• Data segment
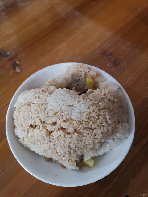 天台最有名的炊饭,不在水厂路但还是这个名字,我们点了加饭、肉、鸡蛋、油条,肉是卤肉,林林总总一大堆,12块钱,对于本地人来说当早饭不便宜,游客应该觉得还行。 端上来好大一个饭团,扎实得很,加饭就是为了两个人分着吃,一个人不加糯米饭当早餐完全足够!特别惊艳吧,倒也没有,就是很传统、很实在的味道。好在米粒蒸得透,饱满度一般,不过卤肉片、鸡蛋、肉汤这些食材都挺新鲜的,尤其是那根油条,还是脆的。 要是他们
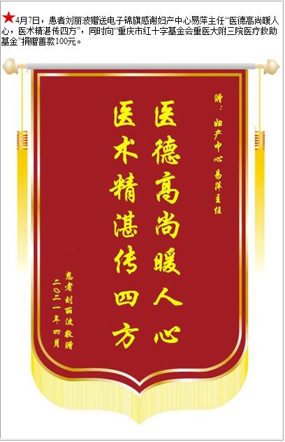 患者刘丽波赠送电子锦旗感谢妇产中心易萍主任,并向医疗救助基金捐赠善款100元-锦旗-患者心声-患者服务-重庆医科大学附属第三医院【官方网站】
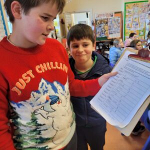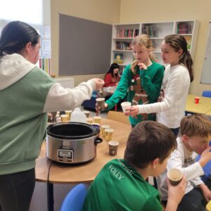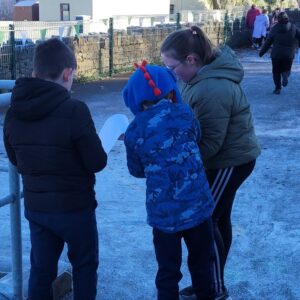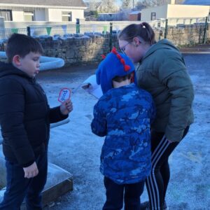 Ms. Blackwell kindly organised an orienteering activity ‘as Gaeilge.’ Bhí seacláid te againn ina dhiaidh. Bhí an-spraoi againn Lá seaca roimh Nollag!
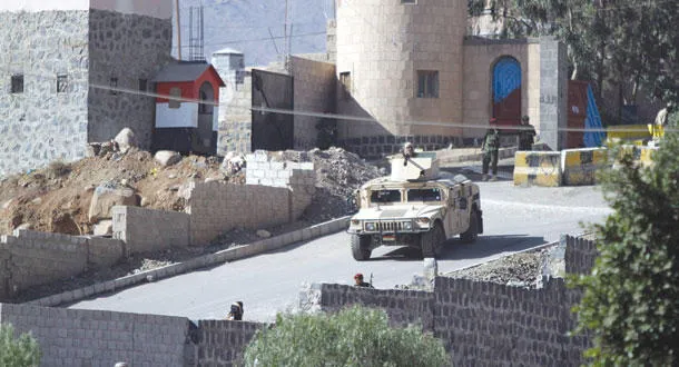 سيارة من قوات الحماية الرئاسية أمام مقر الرئيس هادي أمس (رويترز)

• Brief
Up to and including the last line of the listing, starting at the line with "患者刘丽波赠送电子锦旗感谢妇", extract every line exactly and leave out the pictures.

• Written answer
 患者刘丽波赠送电子锦旗感谢妇产中心易萍主任,并向医疗救助基金捐赠善款100元-锦旗-患者心声-患者服务-重庆医科大学附属第三医院【官方网站】
 Ms. Blackwell kindly organised an orienteering activity ‘as Gaeilge.’ Bhí seacláid te againn ina dhiaidh. Bhí an-spraoi againn Lá seaca roimh Nollag!
 سيارة من قوات الحماية الرئاسية أمام مقر الرئيس هادي أمس (رويترز)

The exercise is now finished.